Sealing ability of cements in root canals prepared for intraradicular posts.

This research evaluated the sealer ability of 2 temporary filling materials (white Cimpat and IRM) and 1 restorative cement (glass ionomer), in canals prepared for root posts. Sixty human palatal roots of maxillary first molars were used. They were divided into 3 groups, according to the cements used: Group I (Cimpat), Group II (IRM) and Group III (glass ionomer). The roots were rendered impermeable, filled with the respective cements and soon after immersed into 0.2% Rhodamine B dye and maintained for 72 hours in an oven for 37 degrees C. Microleakage was measured with a light microscope, cutting the roots longitudinally in buccolingual direction.

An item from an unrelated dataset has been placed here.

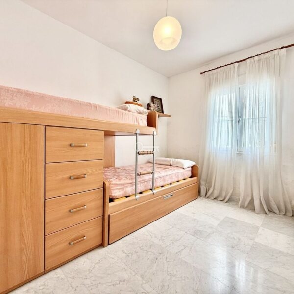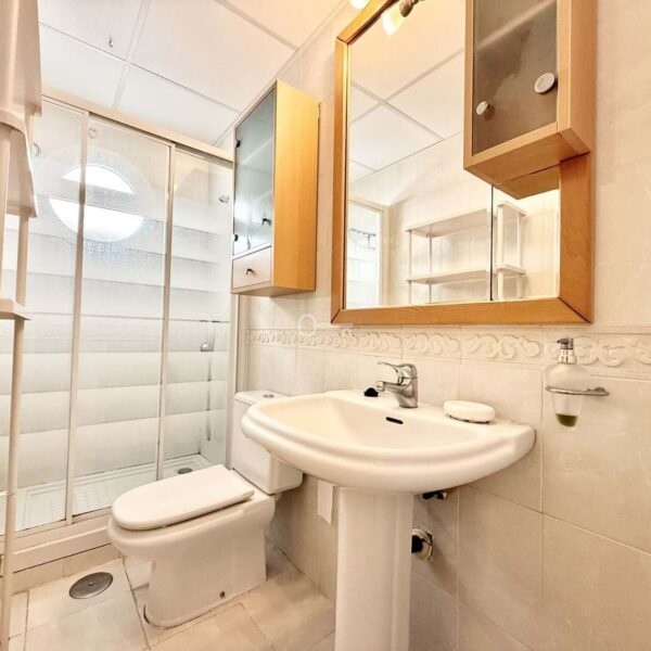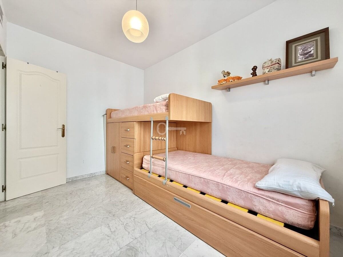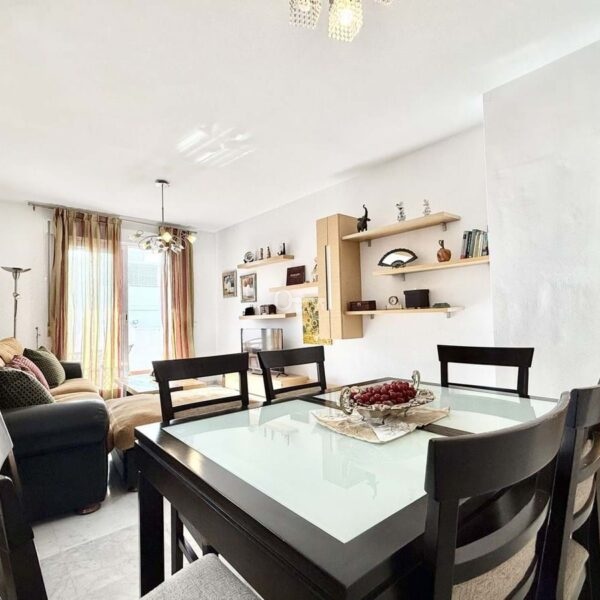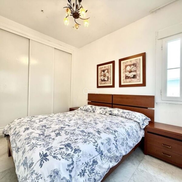 The property features a spacious living and dining area. From the living room, there is direct access to a south-facing terrace overlooking the communal gardens. On this same level, there are two generous bedrooms with built-in wardrobes and two full bathrooms, one of which is en-suite in the master bedroom. The property also includes a fully equipped kitchen with a separate utility room.

The results showed that Group I presented significantly more leakage than Groups II and III, which were not significantly different from each other.

INTRODUCTION

The success of endodontic treatment depends on the restoration or rebuilding of teeth as fast as possible to avoid marginal microleakage, considering that the oral fluid contain microorganisms, toxins and chemical substances that infiltrate through the interface between dentin and temporary sealer, yielding contamination and along time to endodontic failure.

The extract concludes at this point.